_Instructions to follow:_
No picture should appear in the copy. Transcribe exactly, and only, the lines from the one with "9) 시스템 속성 -> 고급 탭 -> 환경 변수를 클릭합니다." through the last line of the data below.

[Entries taken from a collection]

****************************************

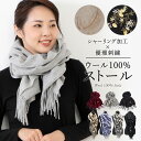 ストール/レディース/大きめ/形が決まる/フェザー刺繍/あたたかい/ソフトウール/柔らかい/防寒//クリスマス/お出かけ/秋冬ストールストール レディース ウール ウール100% シャーリングストール マフラー 刺繍【ウール100% スパンコール刺繍シャーリングストール】ウール100% ストール レディース 日本製 シャーリング ソフトウール 秋冬ストール レモン フェザー
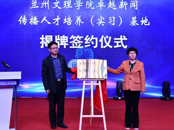 仪式上,教务处副处长苑毅与临洮县委宣传部长刘映菊为卓越新闻传播人才培养(实习)基地进行了揭牌,公司党总支书记王金寿与临洮县融媒体中心负责人签订了合作协议。
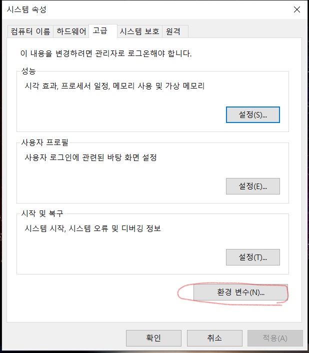 9) 시스템 속성 -> 고급 탭 -> 환경 변수를 클릭합니다.
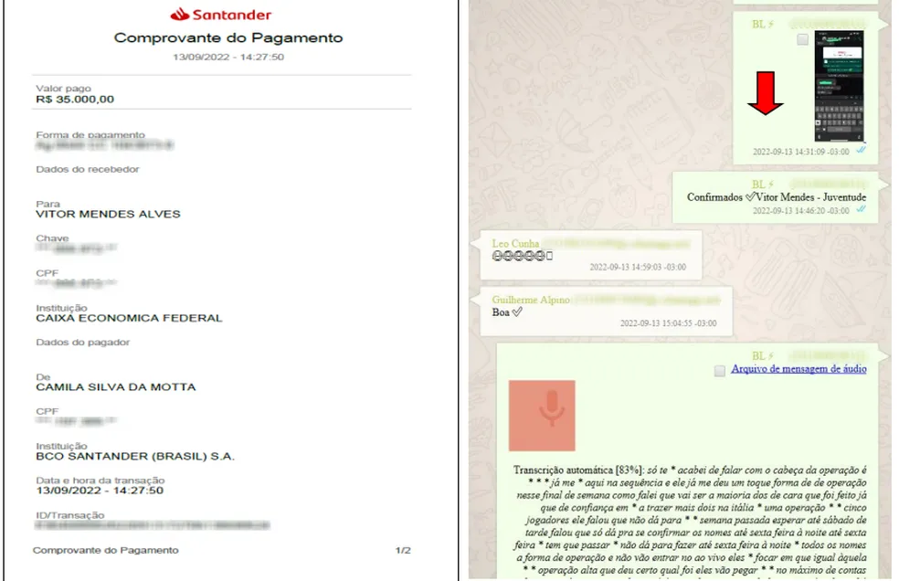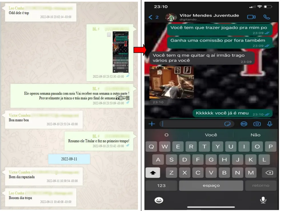 Vitor Mendes aparece em conversas com os apostadores indicando uma relação próxima com o grupo. Em um áudio enviado por Bruno Lopez, apontado como o chefe da quadrilha pelo MPGO, a seus comparsas, ele afirma: “Ele é jogador nosso”. Ele recebeu valores em duas oportunidades para receber cartões amarelos em jogos do Juventude no Brasileirão de 2022, e se ofereceu para tomar um terceiro cartão, mas os apostadores optaram por não usá-lo. Além disso, ele também prometeu “arrumar mais dois” atletas para o esquema.
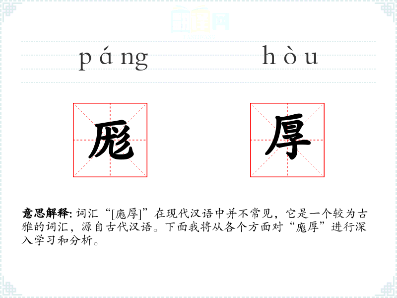 词汇“[庬厚]”在现代汉语中并不常见,它是一个较为古雅的词汇,源自古代汉语。下面我将从各个方面对“庬厚”进行深入学*和分析。

****************************************

_Output of the exercise:_
 9) 시스템 속성 -> 고급 탭 -> 환경 변수를 클릭합니다.
 Vitor Mendes aparece em conversas com os apostadores indicando uma relação próxima com o grupo. Em um áudio enviado por Bruno Lopez, apontado como o chefe da quadrilha pelo MPGO, a seus comparsas, ele afirma: “Ele é jogador nosso”. Ele recebeu valores em duas oportunidades para receber cartões amarelos em jogos do Juventude no Brasileirão de 2022, e se ofereceu para tomar um terceiro cartão, mas os apostadores optaram por não usá-lo. Além disso, ele também prometeu “arrumar mais dois” atletas para o esquema.
 词汇“[庬厚]”在现代汉语中并不常见,它是一个较为古雅的词汇,源自古代汉语。下面我将从各个方面对“庬厚”进行深入学*和分析。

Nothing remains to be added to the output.